OMG I got this comment on my Youtube page 5 hours ago!!!OMG HOW CUD YOU HATE TWILIT SUCK IT BITCH CUZ BELLA IS ASWEOME AND EDWARD IS SXY AND YOUR JUST UGLY!!!!
My response: Y'spelled Twilight wrong.
I'm pretty well aware that you have nothing better to do than just scream over someone fictional (but we all do it sometimes), but don't waste my time.
Her response (she was online at the moment): EDWARD IS NOT FICTIONAL HES REAL HAVENT U HERD OF DA MOVIES?!
Me: Uh, you have issues. That's an actor playing him. Not Edward, that's Robert Patterson. He played your Bedwart and he also played Cedric Diggery, from Harry Potter.
Her: OMG HE DID NOT PLAY IN A HARRY POTTER MOVIE!!!
Me: Look it up.
I*rule*all (The girl with the beast within) wrote: "OMG I got this comment on my Youtube page 5 hours ago!!!OMG HOW CUD YOU HATE TWILIT SUCK IT BITCH CUZ BELLA IS ASWEOME AND EDWARD IS SXY AND YOUR JUST UGLY!!!!
My response: Y'spelled Twiligh..."
AhAhahahaaaa! This kills me! Heeehe.
I've had a girl comment on my channel, but little miss Unoriginal Name That I Can't Remember only said that I sounded "so stupid."
Clearly those TwiTards need some sort of insult book or something, cos I'm honestly starting to almost feel bad for them and their lame insults.
Almooooost.
*falls over laughing hysterically**realizes that some people may have an IQ of, like, 2*
Whoa. That's just... well, to be honest, that's pathetic.
Even my Twilighter friends aren't THAT bad. I have one friend in particular who's definitely a Twilighter, but she's reasonable, which I appreciate. I mean, I bash on Twilight and she rushes to Deadward's defense, but we're just joking around. She appreciates a good anti-Twilight joke and is a huge Blogging Twilight fan, too. So we have MUCH fun at school. :D
There are the reasonable Twilighters, like my friends. And then there are the delusional Twi-hards, like that girl on YouTube. o_O
Also, Robert Pattinson was most definitely Cedric Diggory in HP4. Here's some links, if you'd like some to give her... Also, I'm in a very anti-Twi mood right now, so I'm happy to help in any way I can. >:)IMDb...
Main page: http://www.imdb.com/title/tt0330373/
Full cast/crew: http://www.imdb.com/title/tt0330373/f...
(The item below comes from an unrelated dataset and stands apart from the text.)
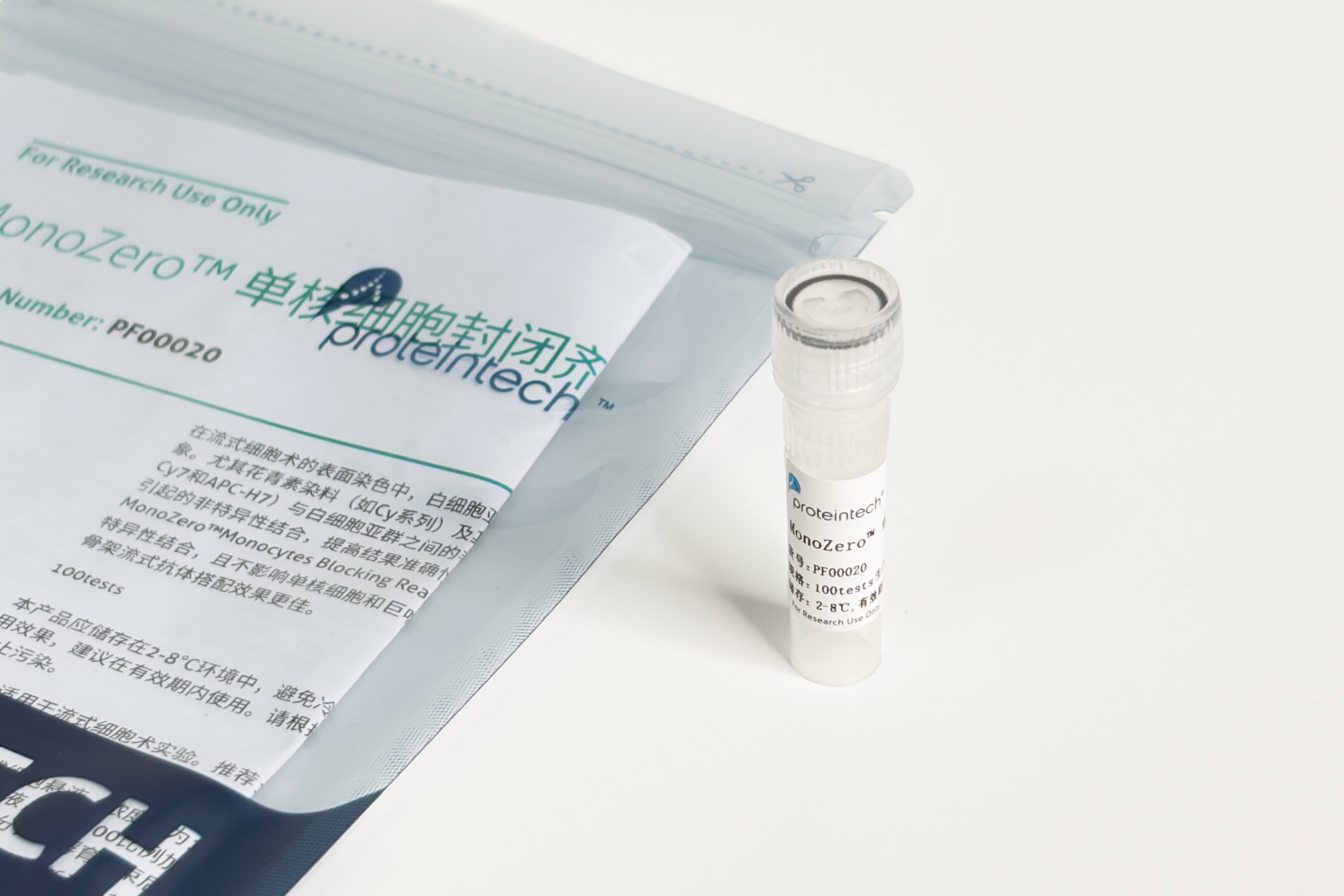MonoZero™ Monocytes Blocking Reagent是一种非抗体的阻断缓冲液,能减少花青素荧光基团与单核细胞和巨噬细胞的非特异性结合,且不影响单核细胞和巨噬细胞预期的特异性染色,与Fc受体阻断剂或将传统流式抗体更换为FcZero-rAb®新型骨架流式抗体搭配效果更佳。
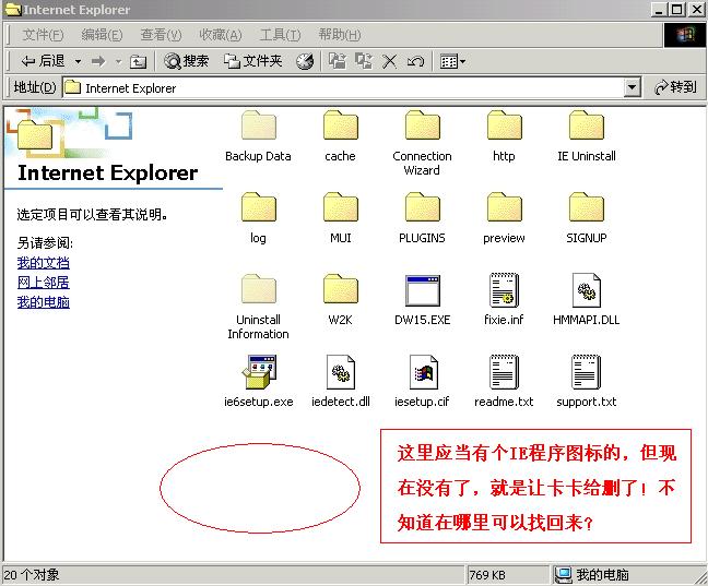 卡卡把我的IE浏览器给删了!!如何恢复啊??请支一招

WHEE! I love a good troll war!
He played a gay artist in Little Ashes. I would know, since I constantly bring it up in front of my Twilighter friends and they yell at me (though they're not actually, legitimately mad). ;D Whenever they mention a movie (other than Twilight and HP) that Robert Pattinson was in, I always yell "So is that the gay artist movie?" really loudly. Apparently he has to... you know what, I'm not even going to say. Eeeuuurrrggghhsjldhgksfjdgnkdjg *shudder* >_<
OMG I remember going "I am NEVER seeing that movie, not if someone pays me a million dollars!" Because I saw these pictures of when RPatz had to do this nude scene in the movie where he poses in front of a mirror when he's alone at home and feeling... Flamboyant, I presume. I don't understand why this is necessary in the movie. (My friend sent me the link. She's rather strange.)BTW, I was repressing that quite nicely, but I'm just SO glad you could bring it up again. So glad.